--- START ---

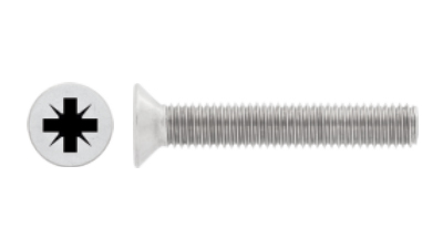 Countsunk Pozi drive Machine Screws are made to DIN965 and available in 304 and 316 Grade.
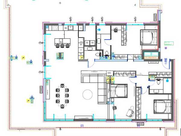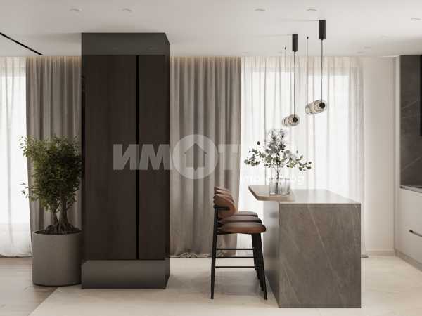 Има изготвен работен интериорен проект за апартамент с три спални, просторна дневна с кухненска част над 50 кв.м., три санитарни помещения, склад.
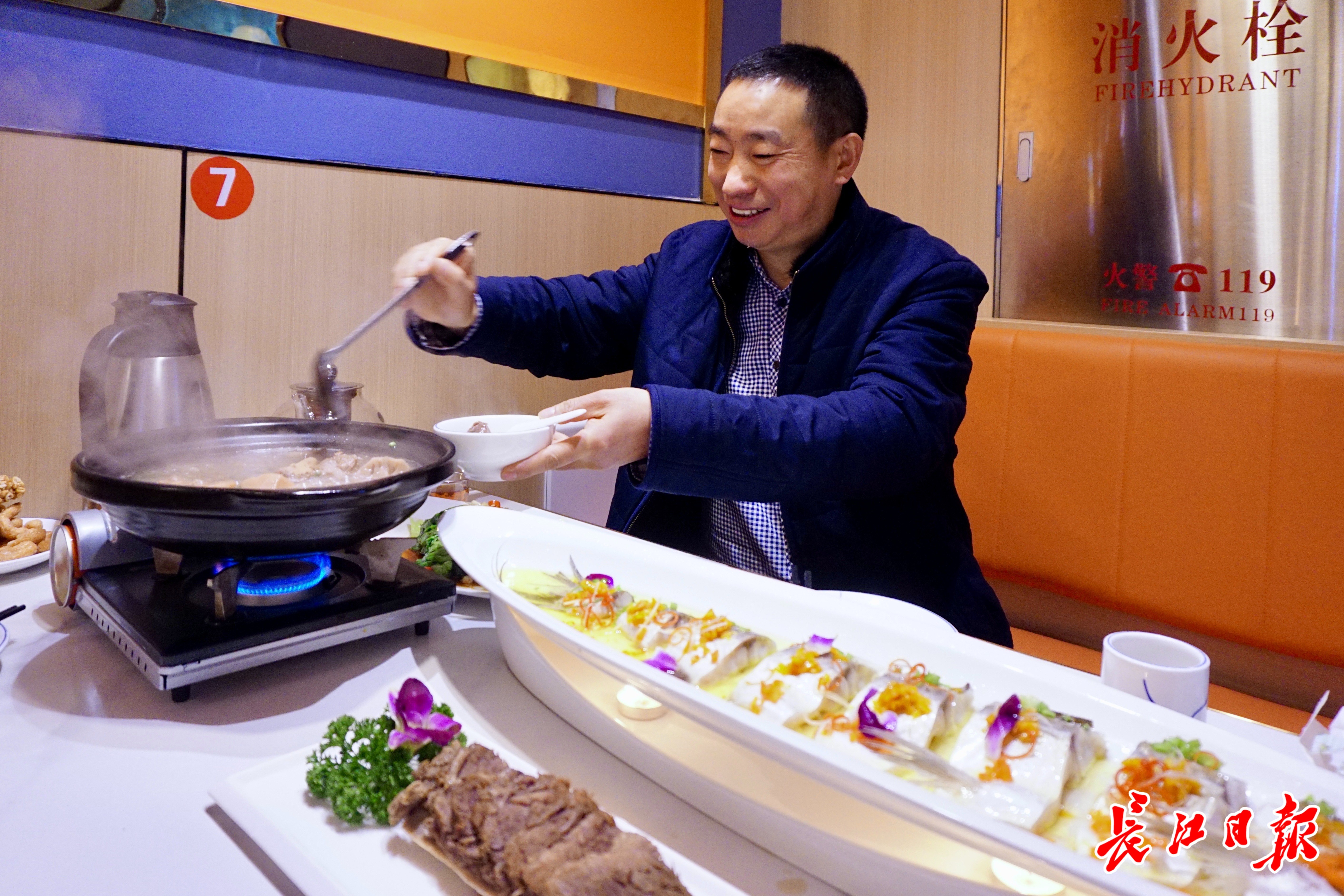 所以,我们的厨师各种菜系都要懂一些。游客点菜时,我们先问问游客从哪里来、爱吃什么口味,再让厨师在湖北菜的基础上微调一下口感。比如,同样是红烧武昌鱼,湖南人和四川人都爱吃辣的,但湖南口味不爱勾芡,四川口味就喜欢稍微麻一点。做一点点调整,就能让游客吃得满意。

--- END ---

| Task |
Please retype the lines from the one that contains "Има изготвен работен" through the final line of the data, both included, without any pictures.

| Expected answer |
 Има изготвен работен интериорен проект за апартамент с три спални, просторна дневна с кухненска част над 50 кв.м., три санитарни помещения, склад.
 所以,我们的厨师各种菜系都要懂一些。游客点菜时,我们先问问游客从哪里来、爱吃什么口味,再让厨师在湖北菜的基础上微调一下口感。比如,同样是红烧武昌鱼,湖南人和四川人都爱吃辣的,但湖南口味不爱勾芡,四川口味就喜欢稍微麻一点。做一点点调整,就能让游客吃得满意。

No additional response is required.